How Do the New
Financing Laws Affect You?
As of
February 22, 2010, the new rules of the Credit
Card Accountability, Responsibility, and Disclosure Act of 2009 were in effect. These laws were passed to limit some of the
outrageous fees being charged by credit card issuers.
In many ways,
the new rules will make your life easier. However, there are still places where
the fees have room to grow, and grow they will, to make up for the limits in
the other fees. The trick is to know
where the limits are (and aren't),
so you can avoid being charged excessive fees and save some money.
Here are some key changes of the new laws:
1. Tired of your interest rate randomly increasing again and again?
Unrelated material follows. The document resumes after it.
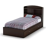 Includes: 1 x Twin Size Mates Bed (3359213) 1 x Twin Size Bookcase Headboard (3359098) Features: Bed Features: Twin mates bed (39") (3359213) Features 2 practical drawers Drawer interior dimensions: W35" x front to back 17 3/4" Metal handles with a antique pewter finish Box spring not required Smart Glide drawer slides feature stops and built-in dampers Chocolate finish Also available in sunny pine finish (3342213) and pure white finish (3360213) Headboard Features: Twin bookcase headboard (39"- 99 cm) (3359098) Easily accessible open storage compartments 2 holes through which to pass wires for better wire management Rounded corners for added safety Chocolate finish Also available in sunny pine finish (3342098) and pure white finish (3360098) Contemporary style Manufactured from laminated particle board Our products are made of EPP certified panels (Environmentally Preferred Product) Ready to assemble Adult assembly required This item's packaging is ISTA 3A-certified to ensure its integrity and your total satisfaction Shrink-wrapped packaging with reinforced corners to reduce the risk of shipping damage 5 year limited warranty Made in Canada Dimensions: Bed: 43"(W) x 77"(D) x 14"(H) Headboard: 42"(W) x 8"(D) x 42"(H) Finish: Chocolate Read more
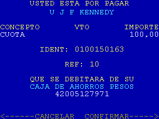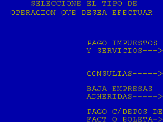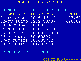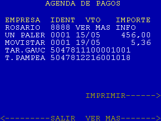 | 4 |  | Cuando se selecciona «PAGO DE IMPUESTOS Y SERVICIOS» de pantalla 1 y el sistema encuentra información en la Agenda de Pagos para la tarjeta que está operando, se muestra esta pantalla. En la columna IDENT se informan las 4 últimas posiciones de la identificación de usuario. |

Existing balances can’t have the interest rate raised, except in these
situations:
• Expiration of a promotional interest rate
• If your credit card has a variable interest
rate
• Hardship programs: you just finished or
cancelled one
• Late payment: more than 60 days late
2. New accounts: No rate increases for 12 months! However,
if the above situations apply in your first year, you can still be subject to a
rate increase.
3. Prior notice for rate increases. Your
credit card issuer is required to give you a 45-day notice for any rate
increases. This means no more surprises!
4. Rate increases are reviewed every 6 months. After
a rate increase, has been made, it may not be final. Every six months, the
credit card issuer is required to reevaluate the plan and rates. In doing this,
the issuer must lower the rate if the circumstances that caused the rate
increase (such as late payments) have been resolved.
5. Payments received immediately after a weekend or holiday due
date are on time. So, if your due date is on a Saturday, and they receive it on
Monday, it's still on time. The card issuer must also now process your payment
as of the day it's received, if before 5 pm.
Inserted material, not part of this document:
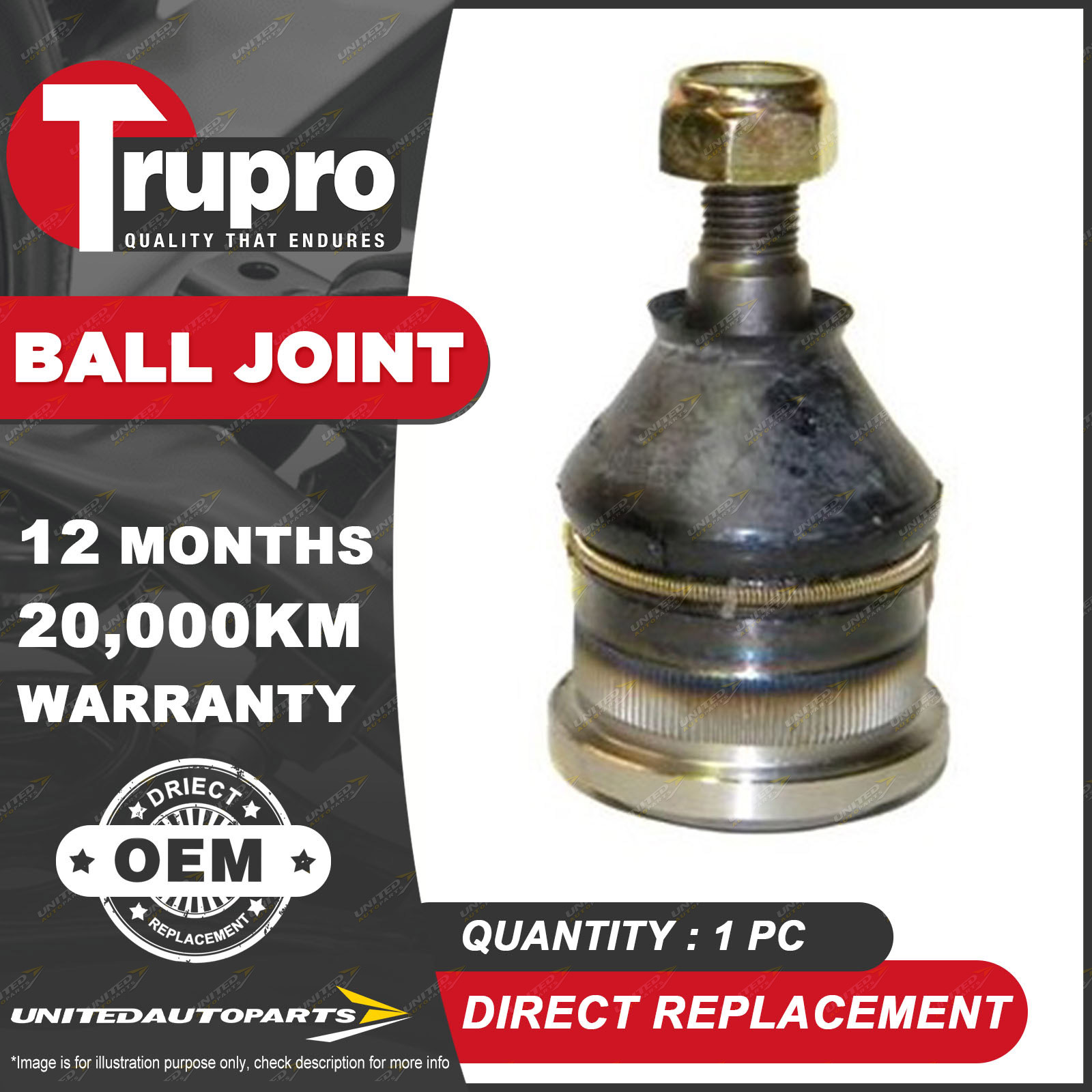 CONTENTS: 1 Pc Trupro RH Lower Ball Joint SUITS: HOLDEN GEMINI TC TD TX 1974-79 HOLDEN GEMINI TE TF TG 1979-85 (*please advise year model, so we can make sure send you the right parts) |

6. Statements must now clarify the cost of your credit. They
must clearly show you how long it will take you to pay off your balance if you
only make the minimum payment. Plus, they must detail how much you'll pay in
interest charges during this time.
They
must also show you the figures for if you'd like to pay off your balance within
3 years, instead.
• This is likely to be
one of the most beneficial parts of this law. When you see how much this credit really costs you, it will encourage
you to pay more than the minimum payment to avoid adding these charges to your
debt.
7. New accounts cannot be charged more than 50% of your credit
limit, and some of the initial fees must
be spread out over a few months. This is good news if you have less than
stellar credit, as you're in the target market for the highest-fee cards.
8. Over-the-limit-fees are optional. This is a two-edged sword: if you don't opt-in to receive over
limit fees, they will deny charges that will put you over your limit. If you
don't want your charges denied, then you agree to over limit fees.